Gary Okihiro, "Third World Studies: Theorizing Liberation" [VIDEO]

Smith-Buonanno, Room 106

In 1968 the Third World Liberation Front at San Francisco State College demanded the creation of a Third World studies program to counter the existing curricula that ignored issues of power—notably, imperialism and oppression. The administration responded by institutionalizing an ethnic studies program; Third World studies was over before it began. Detailing the field's genesis and premature death, Gary Y. Okihiro presents an intellectual history of ethnic studies and Third World studies and shows where they converged and departed by identifying some of their core ideas, concepts, methods, and theories. In so doing, he establishes the contours of a unified field of study—Third World studies—that pursues a decolonial politics by examining the human condition broadly, especially in regard to oppression, and critically analyzing the locations and articulations of power as manifested in the social formation. Okihiro's framing of Third World studies moves away from ethnic studies' liberalism and its U.S.-centrism to emphasize the need for complex thinking and political action in the drive for self-determination.

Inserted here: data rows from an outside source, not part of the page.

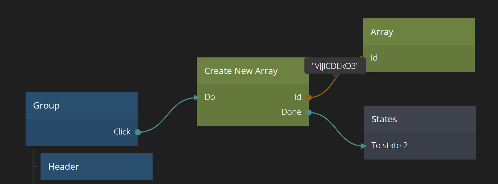 | Do | この入力にシグナルを送ると新しいArrayが作成されます。新しく作成された配列の_Id_が_Id_出力に設定されます。トリガーするたびに新しいArrayが作成され、_Id_出力が変更されます。 |
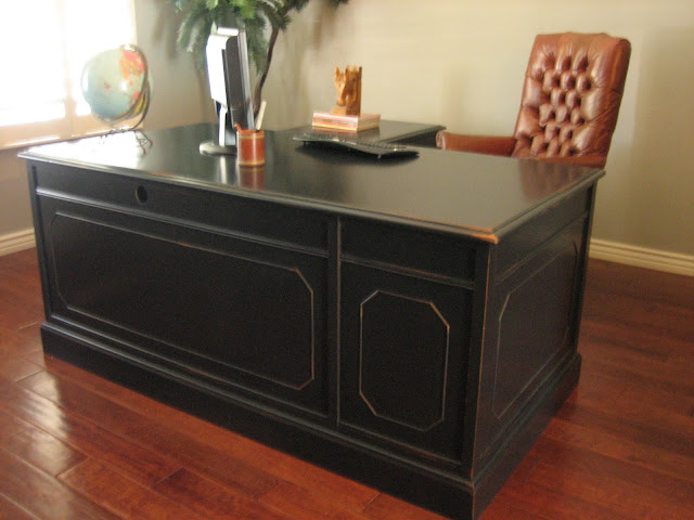 Executive office desk w/ return. Sleek black with a light rub through distressed finish. On the desk side has pencil drawer with wooden divided slots. Slide out writing tray - file drawer and 2 regular sized drawers. On return side has deep legal filing drawer and regular size drawers. All drawers are dove tailed and are on ball bearing slides that work smoothly. Nice hardware. Drawers on desk side have security feature that lock up when pencil drawer is fully closed & open when pencil drawer is slightly open.
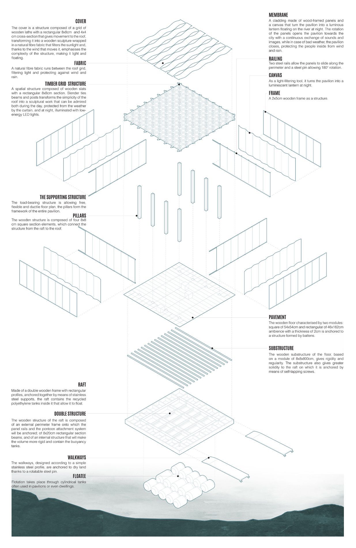 Les – lokalen, duktilen in fleksibilen material – se uporablja v različnih oblikah in velikostih, predvsem v strešni predalčni konstrukciji, kar poudarja pomen načel trajnosti in tehnološke inovativnosti. Splav, sestavljen iz vzgonskih tankov, je prekrit z lesenim okvirjem, na katerega je nameščeno vodilo iz pocinkane pločevine za premikanje in rotacijo panelov nad nivojem vode. Paviljon tako postane dematerializiran element, za katerega se zdi, kot da bi lebdel na rečni gladini.
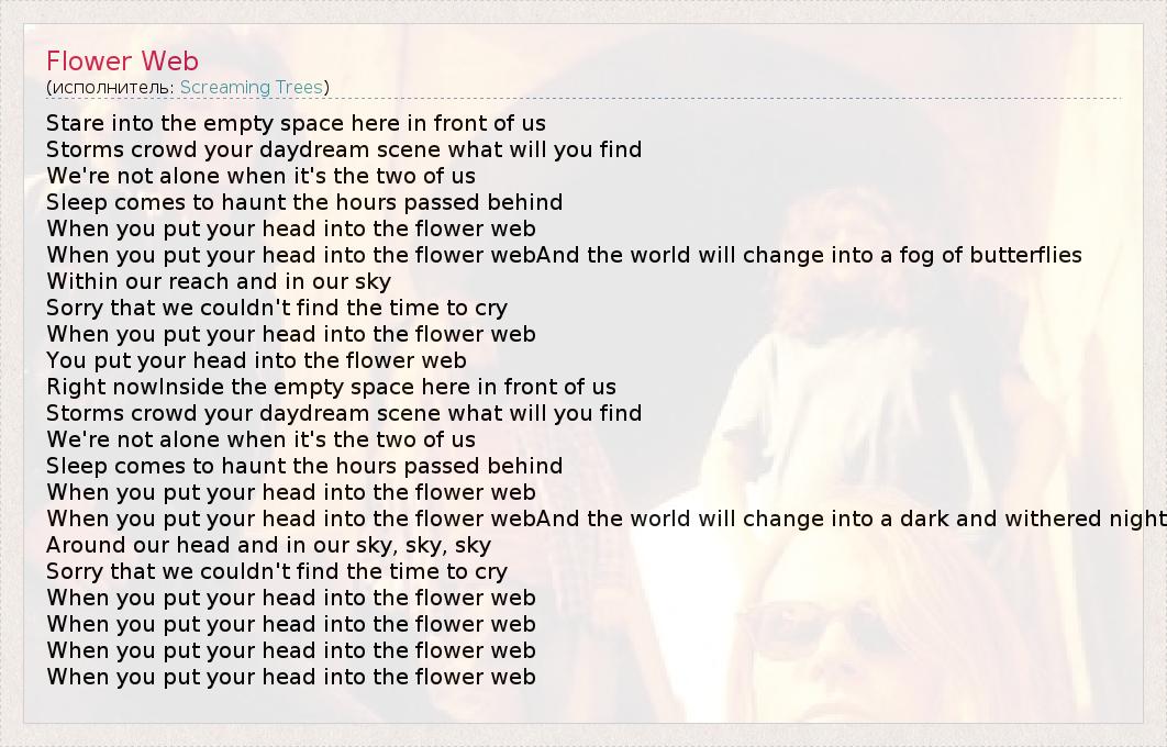 Stare into the empty space here in front of us Storms crowd your daydream scene what will you find We're not alone when it's the two of us Sleep comes to haunt the hours passed behind When you put your head into the flower web When you put your head into the flower webAnd the world will change into a fog of butterflies Within our reach and in our sky Sorry that we couldn't find the time to cry When you put your head into the flower web You put your head into the flower web Right nowInside the empty space here in front of us Storms crowd your daydream scene what will you find We're not alone when it's the two of us Sleep comes to haunt the hours passed behind When you put your head into the flower web When you put your head into the flower webAnd the world will change into a dark and withered night Around our head and in our sky, sky, sky Sorry that we couldn't find the time to cry When you put your head into the flower web When you put your head into the flower web When you put your head into the flower web When you put your head into the flower web
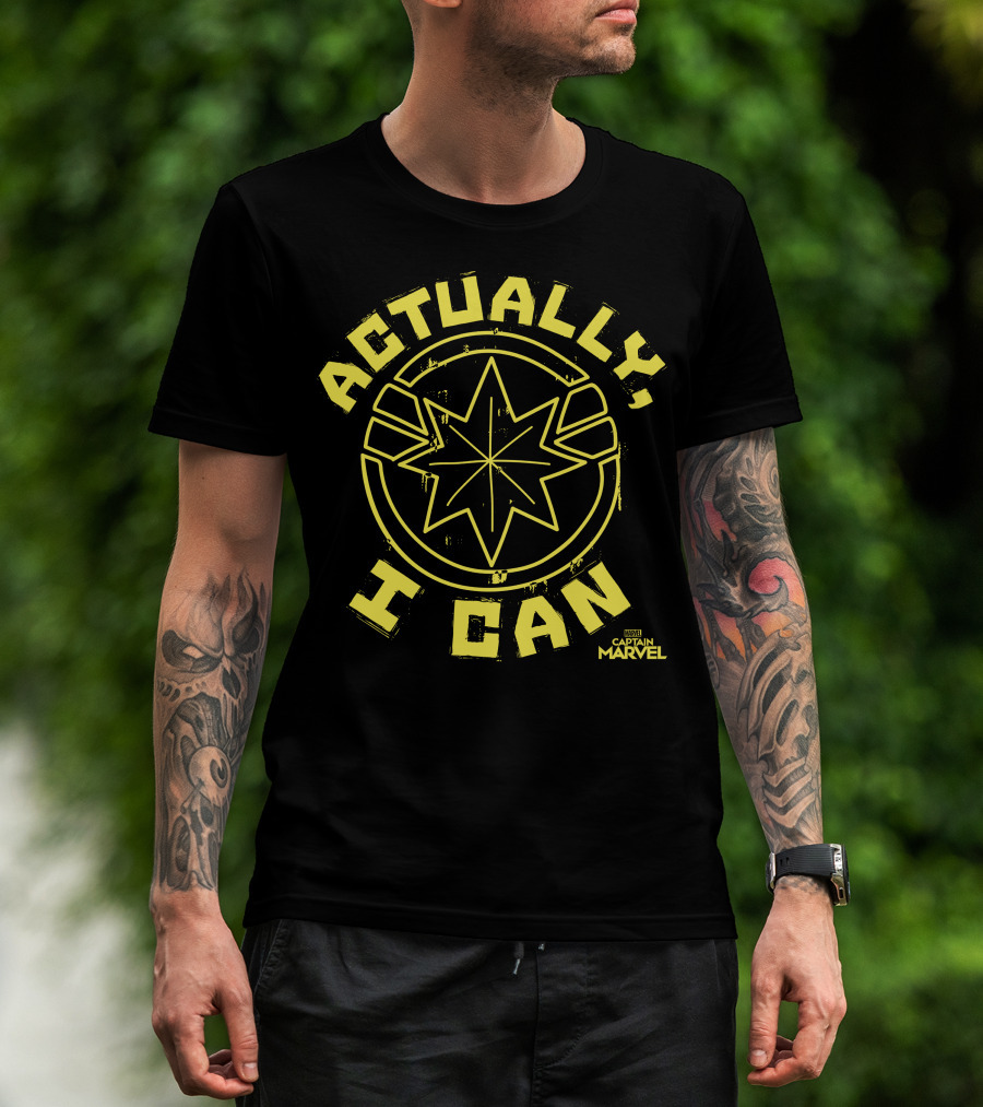 Captain Marvel Actually I Can Yellow Starburst T-Shirt

Gary Y. Okihiro is professor of international and public affairs and the founding director of the Center for the Study of Ethnicity and Race at Columbia University. He is author of several books, including American History Unbound: Asians and Pacific Islanders (2015). He received the Lifetime Achievement Award from the American Studies Association and the Association for Asian American Studies, and received an honorary doctorate from the University of the Ryukyus, Okinawa.

Free and open to the public. Wheelchair accessible. Book signing and light reception to follow.